→ **Task brief**: Your answer must be an exact repeat of the lines from the one containing "Подвеска Shorner 280" through the last line of the records, both included, with no pictures.

→ **Provided entries**:
+ + + + + + +
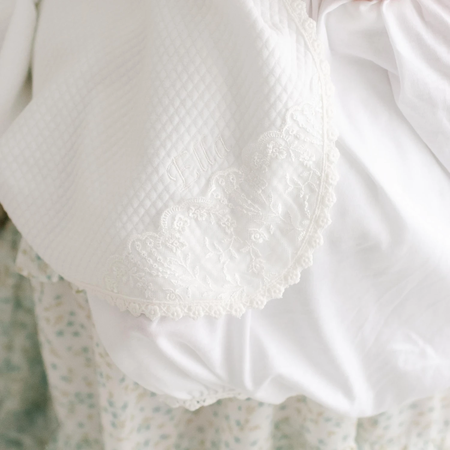 A set perfect for your little girl’s take me home outfit, a beautiful baby shower gift or a sweet dedication gown to keep her styled from head to toe! The set features our Ella Layette Gown – made with 100% white pima and quilted cottons and detailed with our light ivory Ella lace. A sweet ivory edge lace on sleeves, neck and hem of gown. Set also includes her matching Ella booties and petite flower headband, along with a bunny chime rattle and matching blanket. Add her first name above the lace corner in ivory thread for a personal touch!
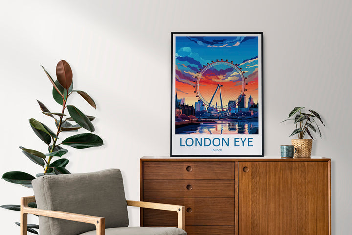 London Eye Travel Print Wall Art London Eye Wall Hanging Home Décor London Gift Art Lovers London Eye Art Lover Gift London Eye Travel Gift
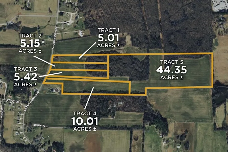 Tract 2 offers 5.15 acres of prime Tennessee land with excellent road frontage on Old Estill Springs Road. This tract is ready for your visionwhether that's building a forever home, creating a peaceful retreat, or starting a small hobby farm. The land lays beautifully with a mix of open space and gentle slopes, providing multiple potential homesites.
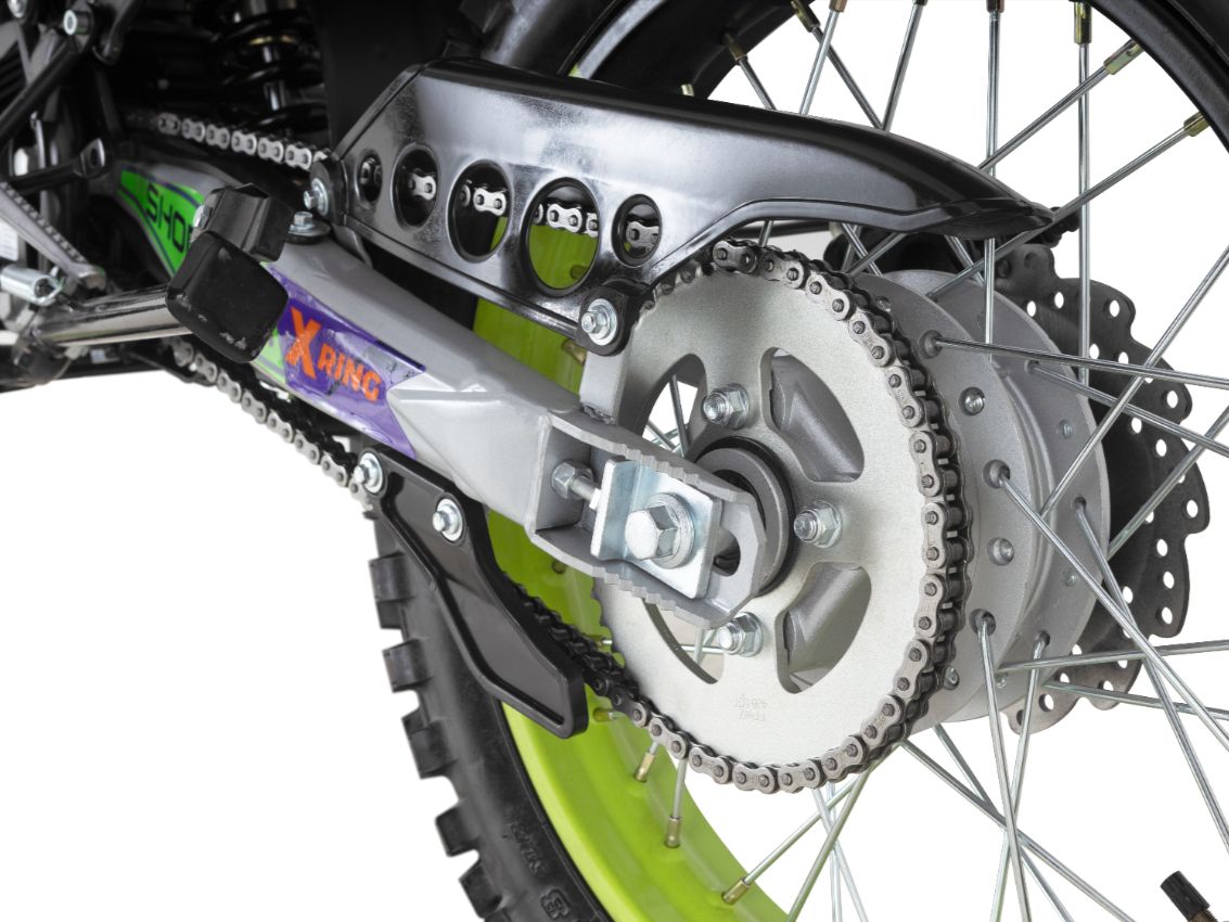 Подвеска Shorner 280 R разработана специально для бездорожья. Регулировка задней подвески позволяет настроить преднатяг пружины и высоту по седлу, обеспечивая комфорт и безопасность даже на самых сложных участках маршрута. Хромомолибденовый сплав, из которого изготовлен маятник, гарантирует высокую прочность и долговечность конструкции.
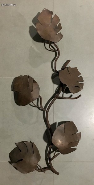 Vendo escultura em metal de cor cobre/ferrugem com 5 folhas interligadas.
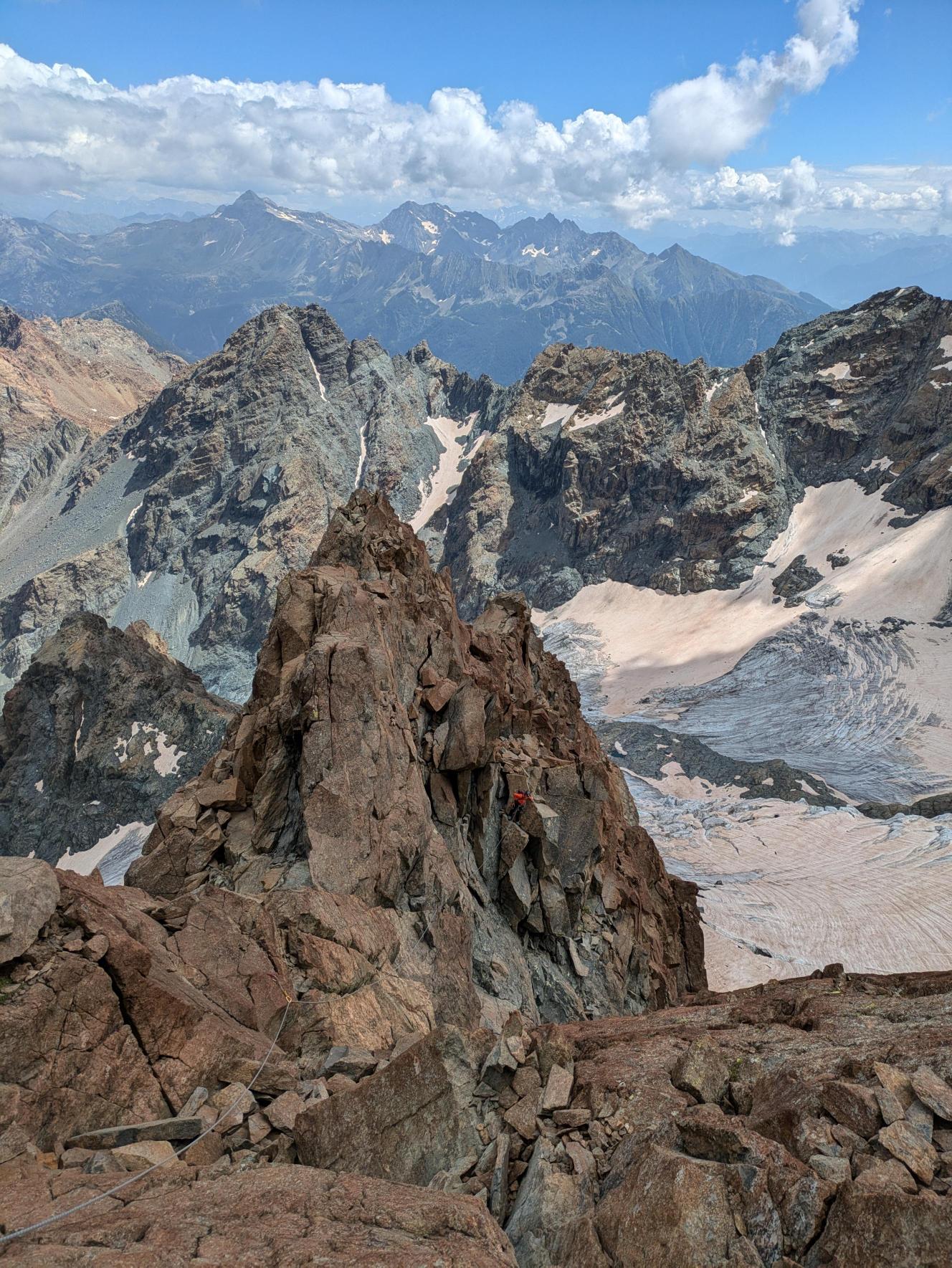 Salire facilmente la placca per due lunghezze proseguendo nei pressi del filo sul versante sud fino a dei gendarmi.
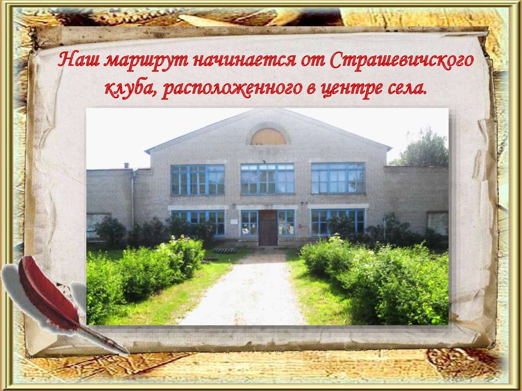 Наш маршрут начинается от Страшевичскогоклуба, расположенного в центре села.
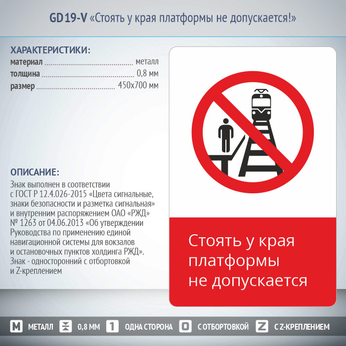 Знак «Стоять у края платформы не допускается!», GD19-V (односторонний вертикальный, 450х700 мм, металл, с отбортовкой и Z-креплением) в Ижевске купить
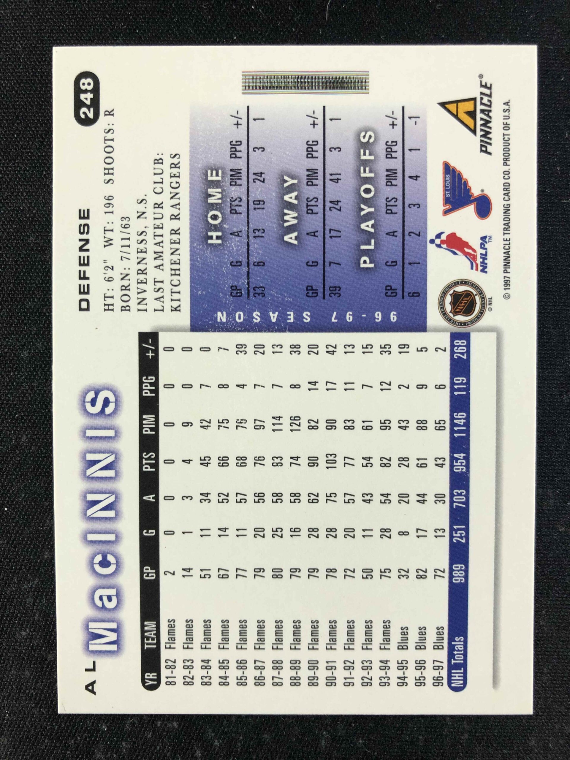 Sběratelská karta 1997/1998 Pinnacle Score Base 248 Al MacInnis
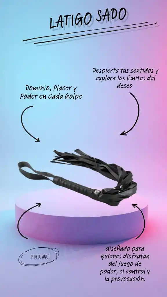 Son uno de los preferidos en la practica sadomasoquista. Se usan para golpear la piel produciendo dolor y dejando que quien lo reciba se sienta dominado o quien lo hace se sienta poderoso. Color: Negro Material: Cuero sintético torneado
+ + + + + + +
→ **Response to the task**:
 Подвеска Shorner 280 R разработана специально для бездорожья. Регулировка задней подвески позволяет настроить преднатяг пружины и высоту по седлу, обеспечивая комфорт и безопасность даже на самых сложных участках маршрута. Хромомолибденовый сплав, из которого изготовлен маятник, гарантирует высокую прочность и долговечность конструкции.
 Vendo escultura em metal de cor cobre/ferrugem com 5 folhas interligadas.
 Salire facilmente la placca per due lunghezze proseguendo nei pressi del filo sul versante sud fino a dei gendarmi.
 Наш маршрут начинается от Страшевичскогоклуба, расположенного в центре села.
 Знак «Стоять у края платформы не допускается!», GD19-V (односторонний вертикальный, 450х700 мм, металл, с отбортовкой и Z-креплением) в Ижевске купить
 Sběratelská karta 1997/1998 Pinnacle Score Base 248 Al MacInnis
 Son uno de los preferidos en la practica sadomasoquista. Se usan para golpear la piel produciendo dolor y dejando que quien lo reciba se sienta dominado o quien lo hace se sienta poderoso. Color: Negro Material: Cuero sintético torneado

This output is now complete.